───── DATA SHOWN
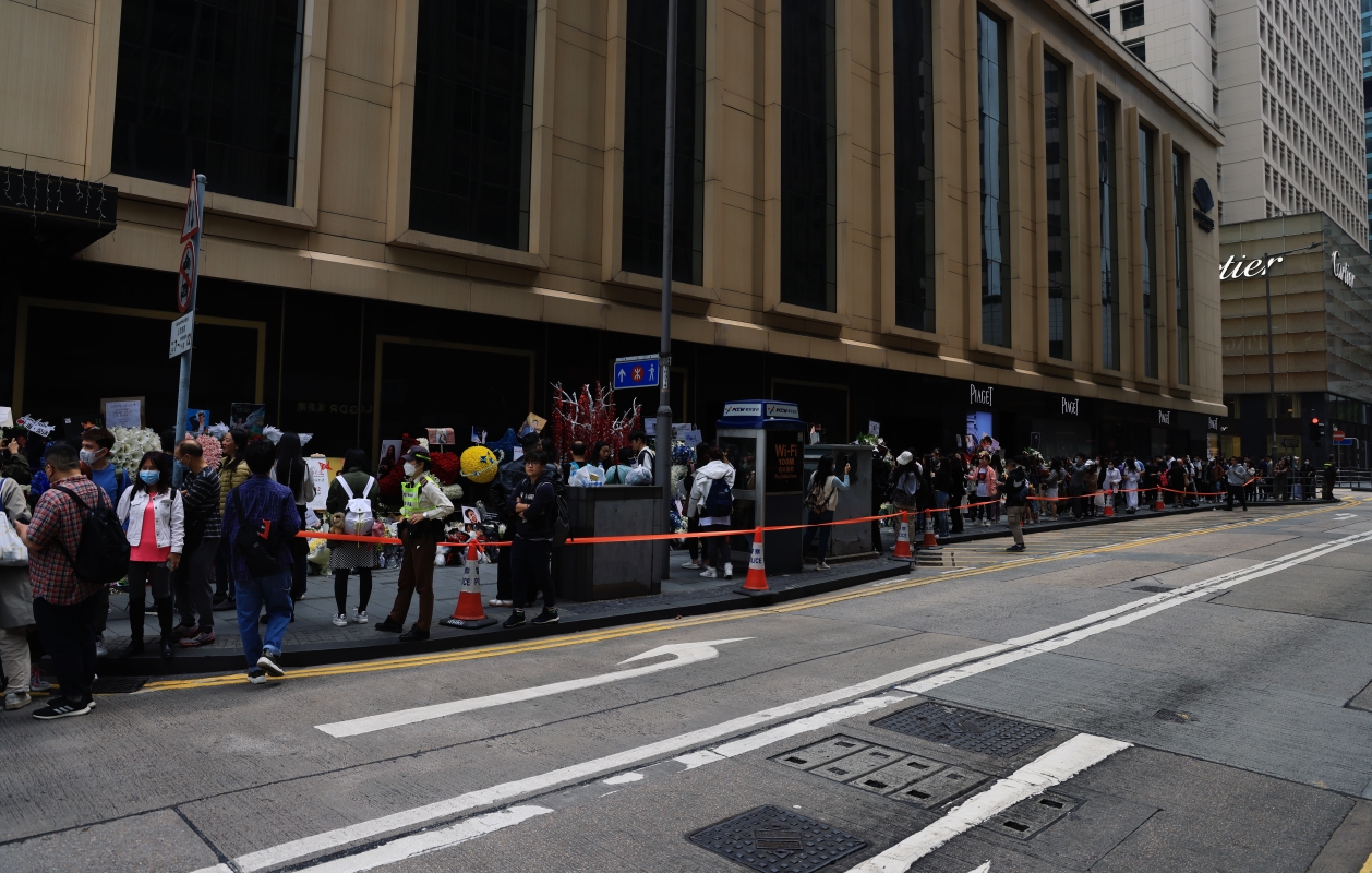 香港新聞網4月1日電(記者 曹文毓) 4月1日,張國榮逝世20周年,香港文華東方酒店外擺滿花牌,獻花的歌影迷排起長隊。隨著香港走向復常,今年更多海內外的歌迷來到文華東方酒店外獻花。負責酒店外維持秩序的職員告訴香港中通社記者,今年的粉絲來得比以往多。 張國榮的藝術成就,穿越時空、地域與界限,對本地流行文化影響深遠。 20年了,歌迷、影迷仍然繼續寵愛他。
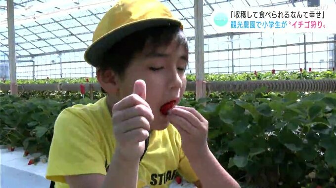 高知県南国市にある観光農園で、小学校の児童たちがイチゴ狩りの体験学習を行いました。子どもたちはイチゴ狩りを通じて農業の楽しさに気づいたようです。
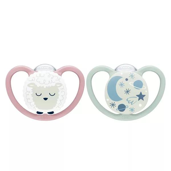 Nuk Space Night Ciuccio Fisiologico Viola Grigio +0m Lotto di 2
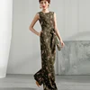 2020 Women Summer Jumpsuit Party High Street Chiffon Elegant Wide Leg Print Floral Rompers with Sashes Plus Size 3XL 4XL
──────────
Please reproduce verbatim the lines from the line with "Nuk Space Night" through the final line of the listing, inclusive of both ends. Omit all pictures.

■ FINAL ANSWER ■
 Nuk Space Night Ciuccio Fisiologico Viola Grigio +0m Lotto di 2
 2020 Women Summer Jumpsuit Party High Street Chiffon Elegant Wide Leg Print Floral Rompers with Sashes Plus Size 3XL 4XL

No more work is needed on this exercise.